### Work order
Give back, exactly and with nothing else, the lines running from the one that contains "西麦海盐可可烘焙燕麦片200g 健康休闲零食酸奶碗早餐下午茶" to the end of the entries below; do not include pictures.

[Collected data entries]
───

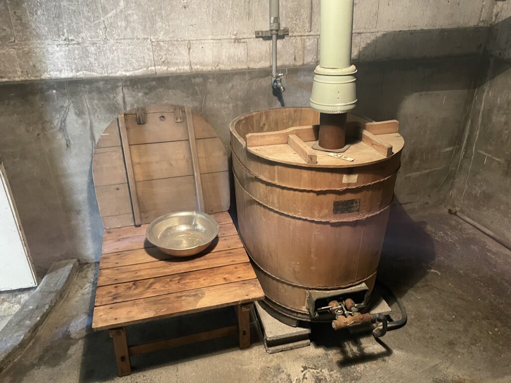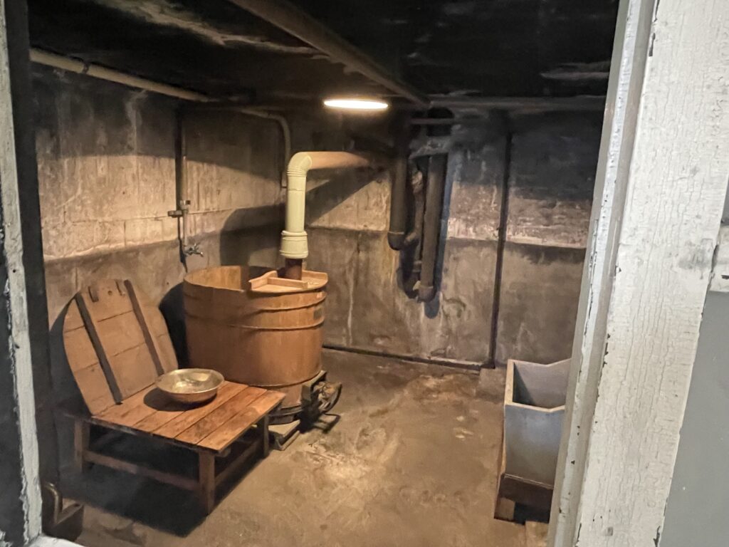 せま~~い!!桶にお湯をためて浴びるような感じでお風呂に入っていたそうです。
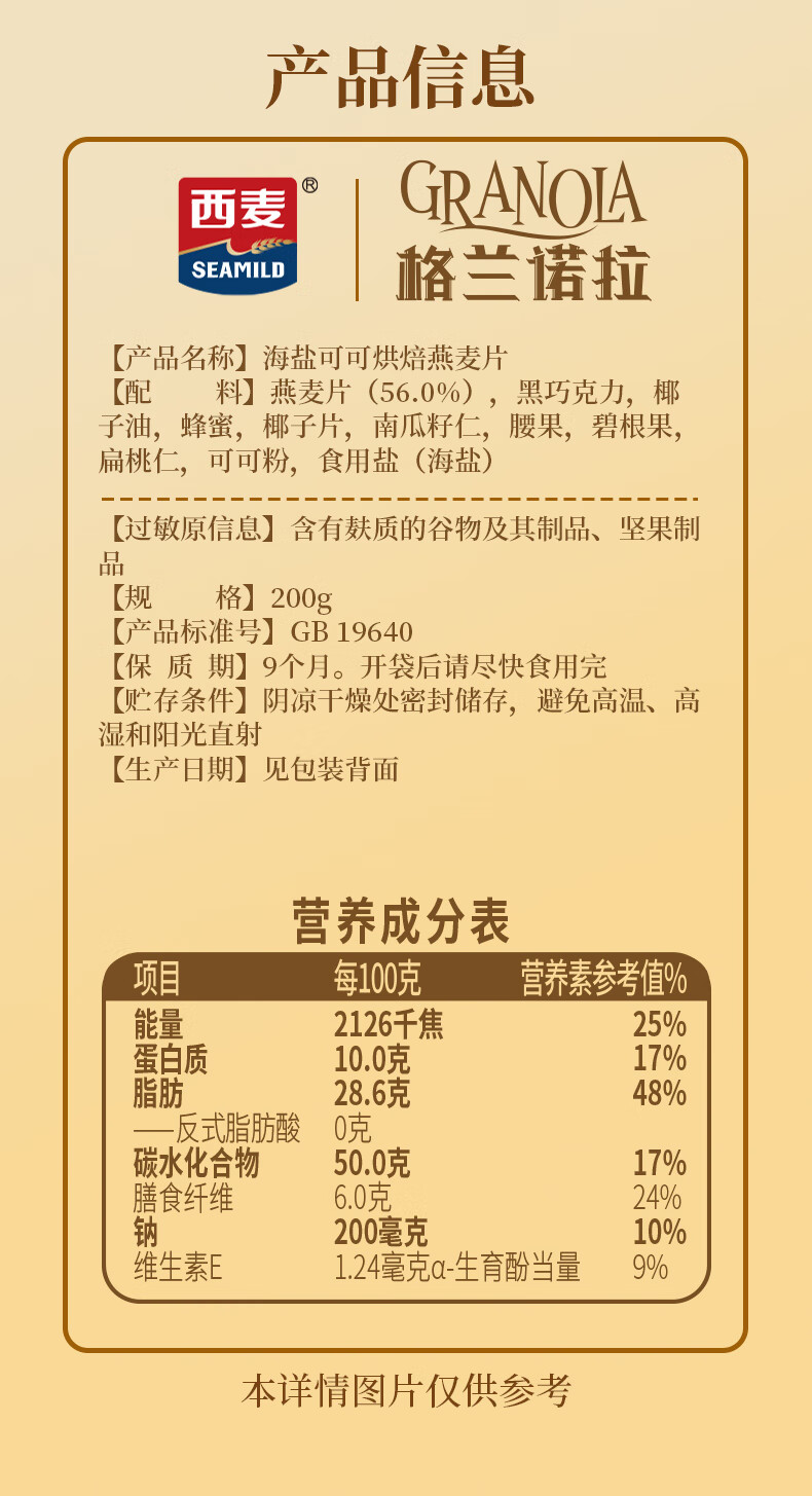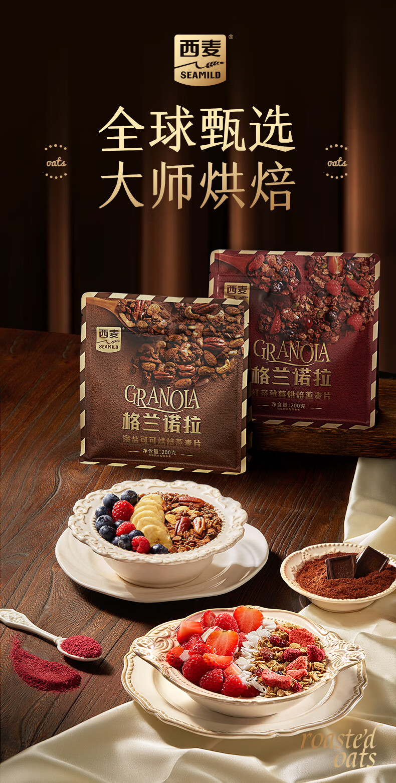 西麦海盐可可烘焙燕麦片200g 健康休闲零食酸奶碗早餐下午茶
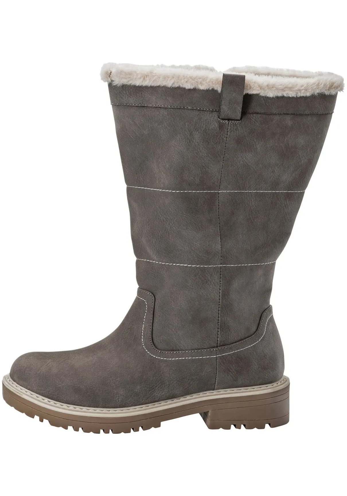 Der Stiefel ist durch das Veloursleder, das mit weichem Fellimitat gefüttert ist, besonders wärmend.
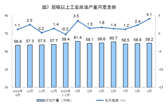 原油生產(chǎn)增速加快。月份,規(guī)上工業(yè)原油產(chǎn)量1777萬噸,同比增長4.1%,增速比月份加快1.7個百分點;日均產(chǎn)量59.2萬噸。
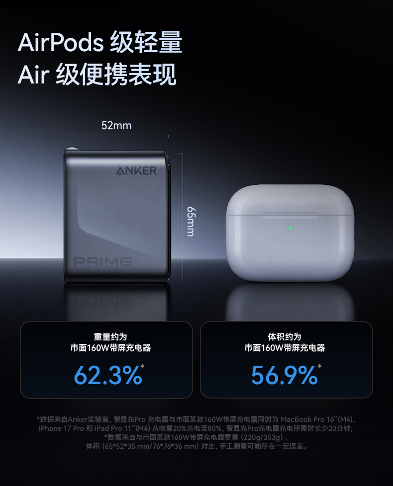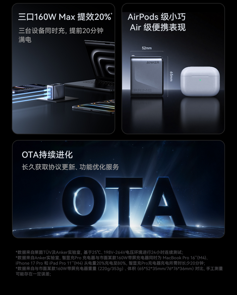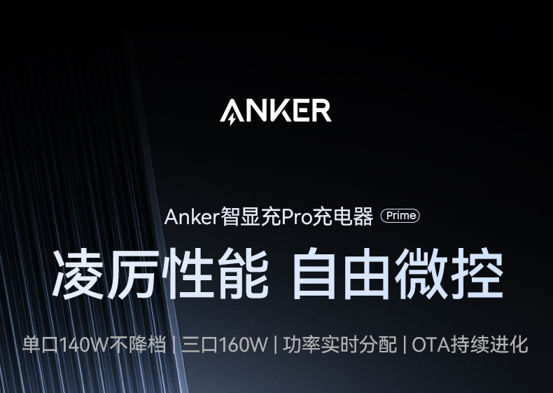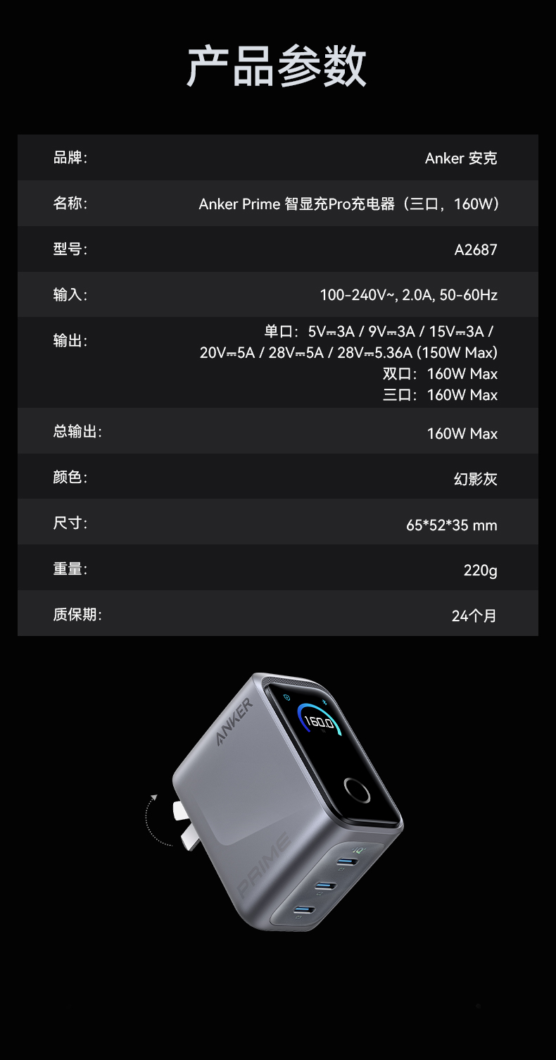 【新品】Anker安克 Prime系列 160W 智显充Pro充电器 A2687

───

### Solution
 西麦海盐可可烘焙燕麦片200g 健康休闲零食酸奶碗早餐下午茶
 Der Stiefel ist durch das Veloursleder, das mit weichem Fellimitat gefüttert ist, besonders wärmend.
 原油生產(chǎn)增速加快。月份,規(guī)上工業(yè)原油產(chǎn)量1777萬噸,同比增長4.1%,增速比月份加快1.7個百分點;日均產(chǎn)量59.2萬噸。
 【新品】Anker安克 Prime系列 160W 智显充Pro充电器 A2687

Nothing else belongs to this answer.